In both the 1-bit and 2-bit settings, matrix multiplication with the quantized weights can be implemented as additions and does not require actual multiplication:

In the case of binary weights, $ W_{q} $ consists of $ 0 $s and $ 1 $s, requiring only additions.
In the case of 2-bit quantization, we can rewrite $ W_{q} $ as the sum of a binary and a ternary matrix, both of which can fully take advantage of multiplication-free matmul and can be implemented in a fused kernel. The only change required is to use the $[-1,0,1,2]$ range instead of the original $[0,1,2,3]$ one: $$ \underset{\text{2bit}}{\left[\begin{array}{cc} 2 & 1\\ 0 & -1 \end{array}\right]} = \underset{\text{binary}}{\left[\begin{array}{cc} 1 & 1\\ 0 & 0 \end{array}\right]} + \underset{\text{ternary}}{\left[\begin{array}{cc} 1 & 0\\ 0 & -1 \end{array}\right]} $$

Fine-tuning with Low-Rank Adapters

Methods like BitNet train the full network from scratch. Instead, we follow the direction of training low-rank adapters (LoRA/QLoRA), which is currently the most popular way for fine-tuning large models.

As the rightmost term in Eq. 1 indicates that the zero-point acts as a rank-1 matrix error correction term between $ W_{q}s $ and the original weights, the low-rank adapter essentially increases the rank of this correction term, leading to better quantization results.

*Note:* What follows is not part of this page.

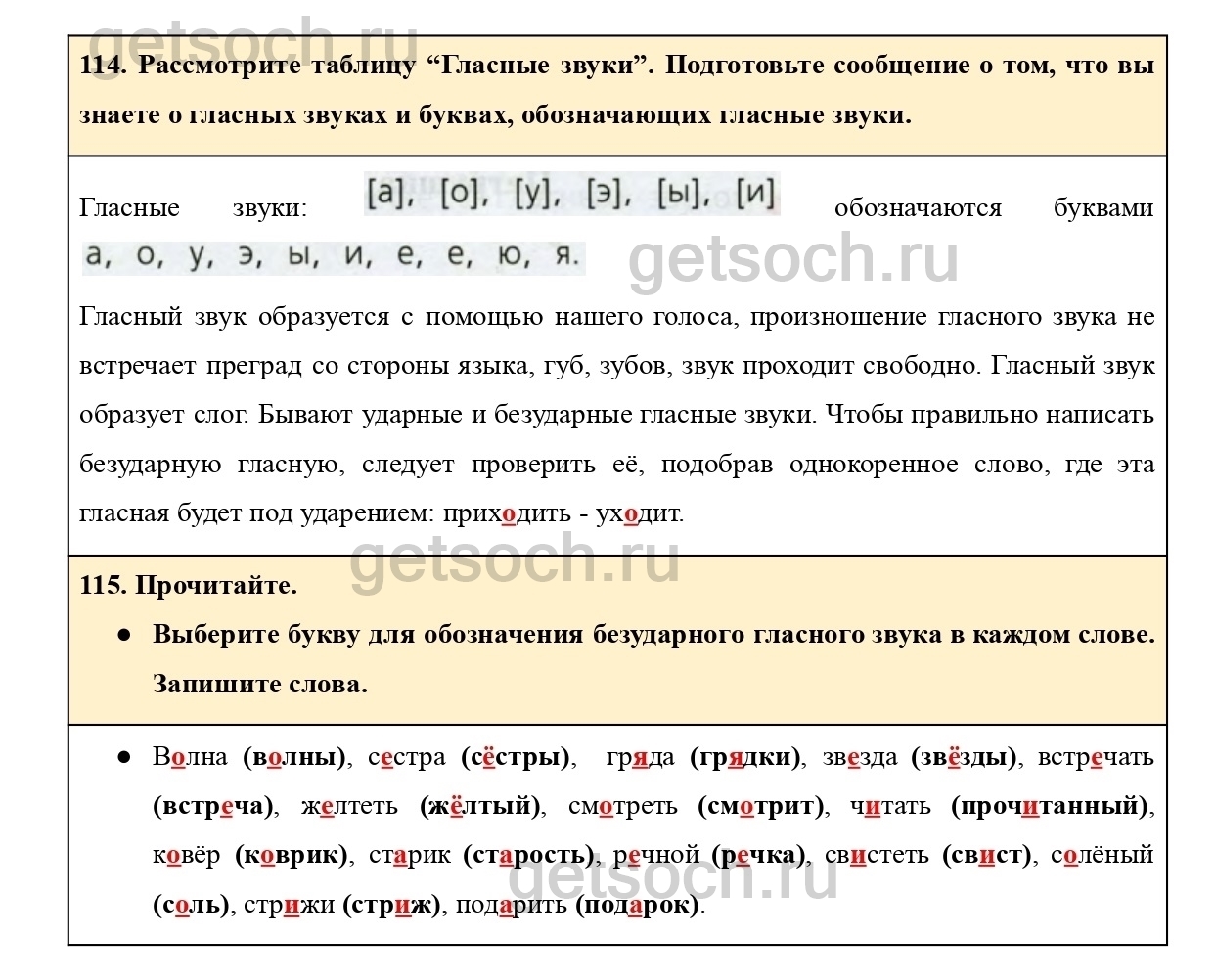 112. Рассмотрите таблицу “Гласные звуки”. Подготовьте сообщение о том, что вы знаете о гласных звуках и буквах, обозначающих гласные звуки.

Let ${L_{A}}$ and ${L_{B}}$ be the low-rank adapter parameters of rank r, the matrix multiplication operation in the forward pass becomes:

$$ x(W_{q})s + x\mathbf{1}^{T}u + xL_{A}^{T}L_{B} $$

As detailed in our previous work on low-rank Llama pruning, the rank of the sum of two matrices is lower or equal than the sum of their ranks. Therefore, $ x\mathbf{1}^{T}u + xL_{A}^{T}L_{B} $ can be merged as a rank r+1 term to get: $$ x(W_{q})s + x\bar{L_{A}}^{T}\bar{L_{B}}, $$ where ${ \bar{L_{A}} }$ and ${ \bar{L_{B}} }$ are obtained via a low-rank decomposition of the matrix $\mathbf{1}^{T}u + L_{A}^{T}L_{B}$.

Datasets

The low-rank adapters were trained using Supervised Fine-Tuning (SFT) on various open-source datasets. Different datasets were used for the base model and the chat model. Details are provided below:

Base Model

wikitext-2-raw-v1 (~2.8K): This dataset was used in its entirety to fine-tune the base model, providing a foundation of general language understanding.

Chat Model

timdettmers/openassistant-guanaco: The full dataset was utilized to fine-tune the chat model.
microsoft/orca-math-word-problems-200k: A subset from this dataset was used to enhance the model's ability to solve mathematical word problems.
meta-math/MetaMathQA: Another subset from this dataset was employed to further improve the model's mathematical reasoning capabilities.
HuggingFaceH4/ultrafeedback_binarized (chosen answers only): A subset of the chosen answers from this dataset was used to fine-tune the model's ability to generate coherent and relevant responses.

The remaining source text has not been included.